The title "Caoutchouc" was derived from a book by Raymond Roussel, Impressions d'Afrique (1909). It was chosen by Picabia several years after the painting was executed. During the months of May or June 1912, Picabia—along with Marcel Duchamp and Guillaume Apollinaire—went to see the stage version of Roussel's Impressions d'Afrique in Paris at the Théâtre Antoine. In both the novel and the play, an ancestral African emperor had planted a rubber tree and a palm for his twin sons. The first tree to bloom would determine which of his sons would become the heir to his throne. The palm bloomed first and one of the sons became king, setting off a feud that resulted in the death of the newly crowned king, whose decaying body was displayed resting against the aged rubber tree (caoutchouc caduc); the rubber tree itself became the symbol for the end of a branch of family lineage.

It has been argued by Belton that Caoutchouc—rather than representing the beginning of a period of abstraction in the oeuvre of Picabia—represented the end of a branch of figurative pictorial lineage, the end of a series of experimental paintings that approached total abstraction without ever attaining it. Though the artist painted several works between 1909 and 1912 that were clearly figurative, they were superseded by non-objective works at a time when Picabia gave his painting the title Caoutchouc.
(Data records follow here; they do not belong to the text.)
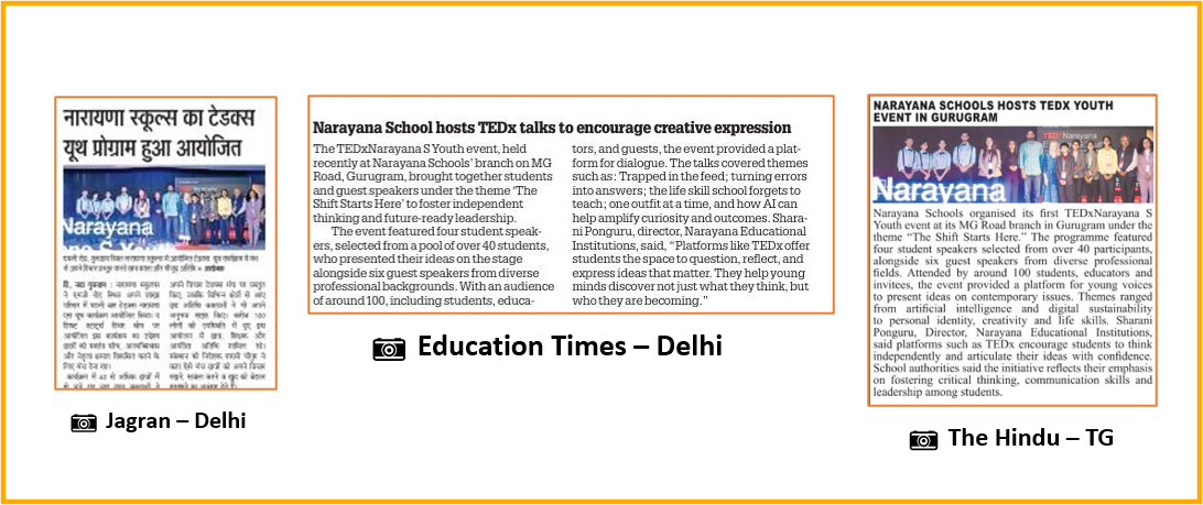 The initiative reflects Narayana Schools’ focus on nurturing confident communicators and future-ready leaders through experiential learning platforms. The event also received wide media coverage across leading national and regional publications including Education Times (Print), The Hindu (Print), India Education Diary (Digital), Brainfeed (Digital), MSN (Digital), Jagran (Print), Business News Week, Media Bulletins, and JK Monitor (Digital), highlighting Narayana schools focus on thought leadership and student engagement.
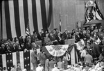 Texas Governor Beauford Jester endorses President Harry Truman for re-election; center podium from left, Amon Carter, Harry Truman, Sam Rayburn; 2nd row, Mabel Jester, Margaret Truman, Nenetta Burton Carter, Betsy Truman, 09/27/1948. The dias is crowded and there is a very large American flag hanging on the wall behind the podium.
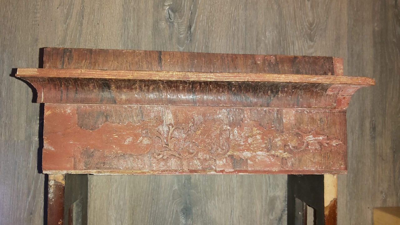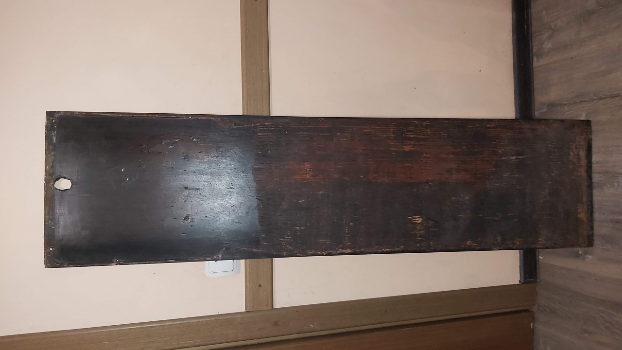 Кое как грея феном шурупы открутил и заднюю стенку снял, и пока работаю с ней. Чистка идет не быстро, грею и скальпелем счищаю 2 слоя новой краски, и что интересно, родная краска довольно неплохо держится, если хватит терпения, то постараюсь это порытие сохранить по максимуму, где содрал до дерева - подтонирую, может морилкой. И доску покрою воском целиком. Попробовал для интереса мокрой губкой родную краску потереть (с целью растереть) - бесполезно, как будто воск - вода скатывается и это мне понравилось. Доска состоит из двух и есть небольшая деформация по краям, постараюсь оперативнее все сделать, чтобы не повело сильнее.
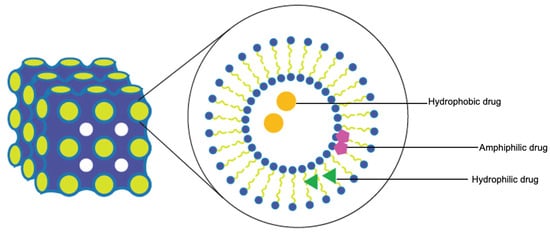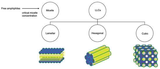 Lyotropic liquid crystals (LLCs) result when amphiphiles (amphiphilic mesogens) dissolve into suitable solvent-forming solutions that flow like liquids but still have ordered crystalline structures of solid crystals [10,11]. The well-defined, thermodynamically stable structures of LLCs such as lamellar, hexagonal, and cubic (Figure 3 and Figure 4) are formed by the self-assembly of amphiphilic lipids due to hydrophobic forces. By dispersing these mesophase structures into water in the presence of stabilizers, they can be transformed into liposomes, hexosomes, and cubosomes, collectively known as LLC drug delivery systems [11]. In recent years, due to their unique structures offering matrices for prolonged drug release as well as their amphipathic nature for the encapsulation of hydrophobic, amphiphilic, and hydrophilic molecules of various molecular weights, LLC drug delivery systems have drawn significant attention as one of the advanced systems in the field of colloidal dispersions [11,12,13]. Figure 4 shows how a hydrophobic drug, a hydrophilic drug, and an amphiphilic drug are encapsulated in cubosomes. Many lipids that form LLCs are biocompatible and biodegradable and are applicable to the oral route of administration [12,14]. Intestinal lymphatic absorption is a pathway that an LLC drug delivery system may follow to gain access to the systemic circulation after its oral administration. A lipid-based LLC drug delivery system targeting the intestine can enhance intestinal lipid fluidity.
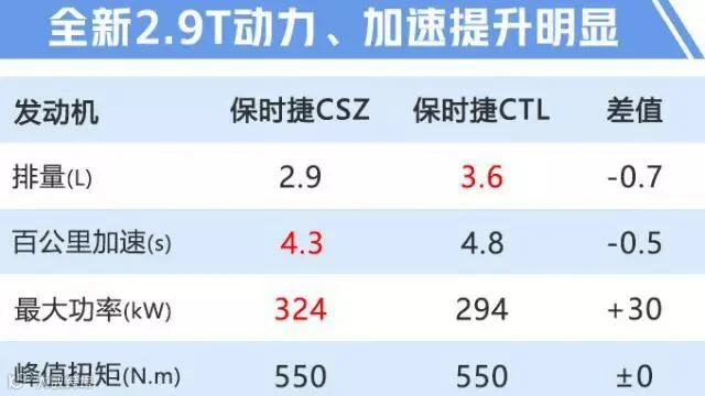 动力方面,保时捷新款Macan Turbo换搭一台2.9L V6双涡轮增压发动机,最大功率提升至324kW,峰值扭矩为550N.m。传动系统新车匹配7速PDK双离合变速箱,配备全时四驱系统,在选装Sport Chrono组件的情况下百公里加速仅需4.3秒,最高时速为270km/h。
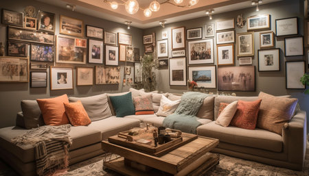 a gallery wall with a mix of framed photos and art pieces, created with generative ai
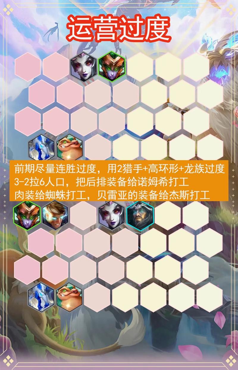 玩法简析中,连胜是九五至尊阵容的核心策略。过渡阶段,推荐使用豹女三国天选+皇子+蜘蛛+提莫的组合,以3三国2神盾2神射为过渡阵容。根据棋子质量,适时提升人口等级,保持阵容的战斗力。在前中期,过渡阵容的选取并不唯一,根据棋子质量灵活调整。
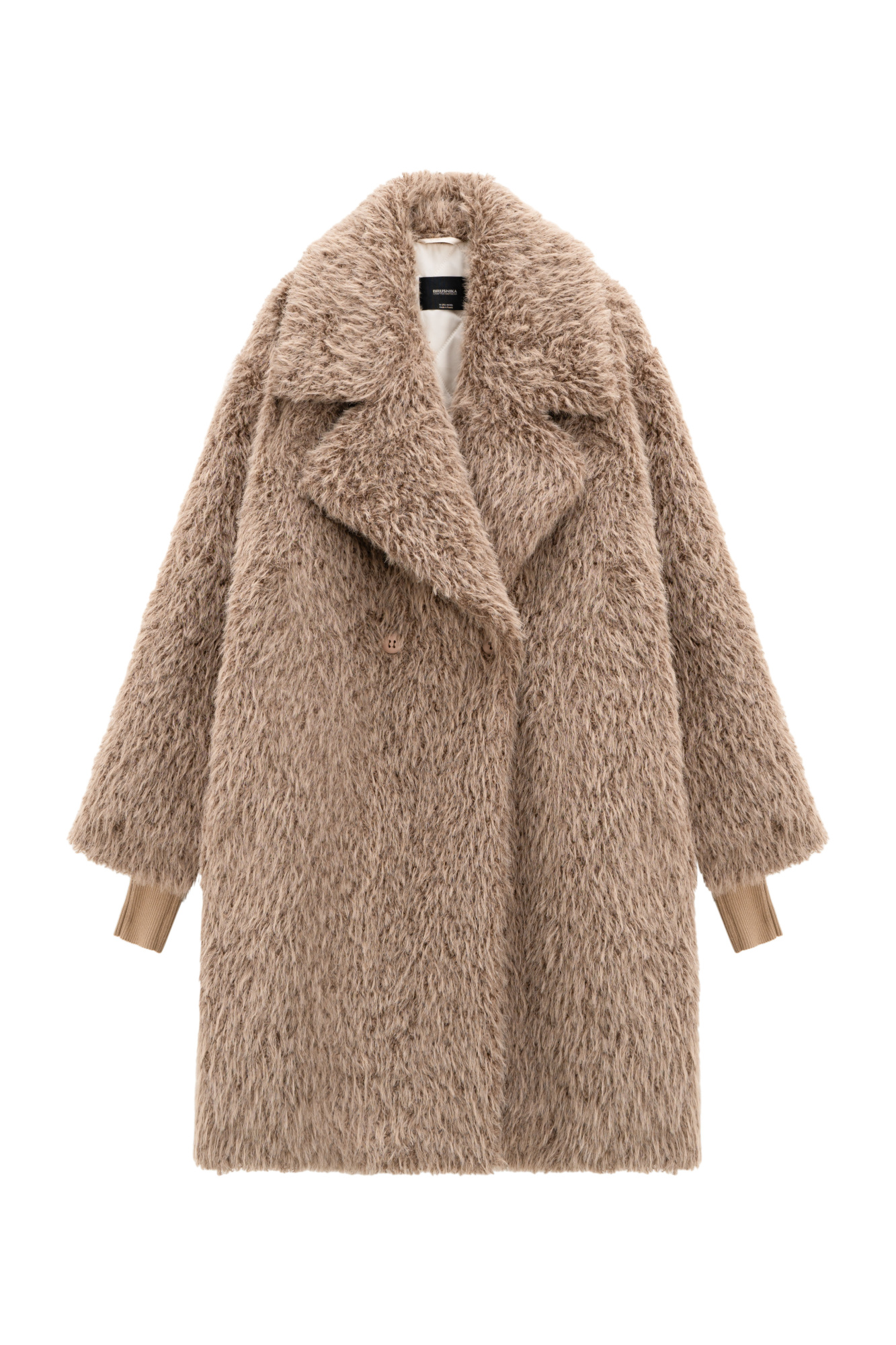Voluminous fur coat with cuffs. Relaxed silhouette with dropped shoulders and button closure. Lined.
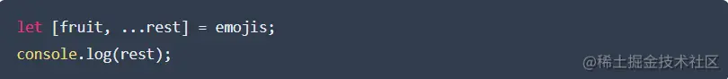 再介绍一下rest操作符。如果要对数组进行解构,以便要将一个或多个项目分配给变量,并将其余部分放在另一个数组中,就可以使用如下所示的...rest方法完成此操作。

Art historian and critic Bernard Dorival has vehemently argued in favor of the abstract nature of Caoutchouc, while Gabrièle Buffet-Picabia referred to it as a still life, and the artist Philip Pearlstein, who wrote his thesis on Picabia, described the subject of the painting as a bouncing rubber ball.

Whether a purely abstract work or a still life, the composition itself is highly abstracted in style, not dissimilar to Picabia's proto-Cubist landscapes of 1908 through 1910. Whatever the artists intention, he did not pursue pure abstraction following Caoutchouc until 1912 (with paintings such as La Source (The Spring)).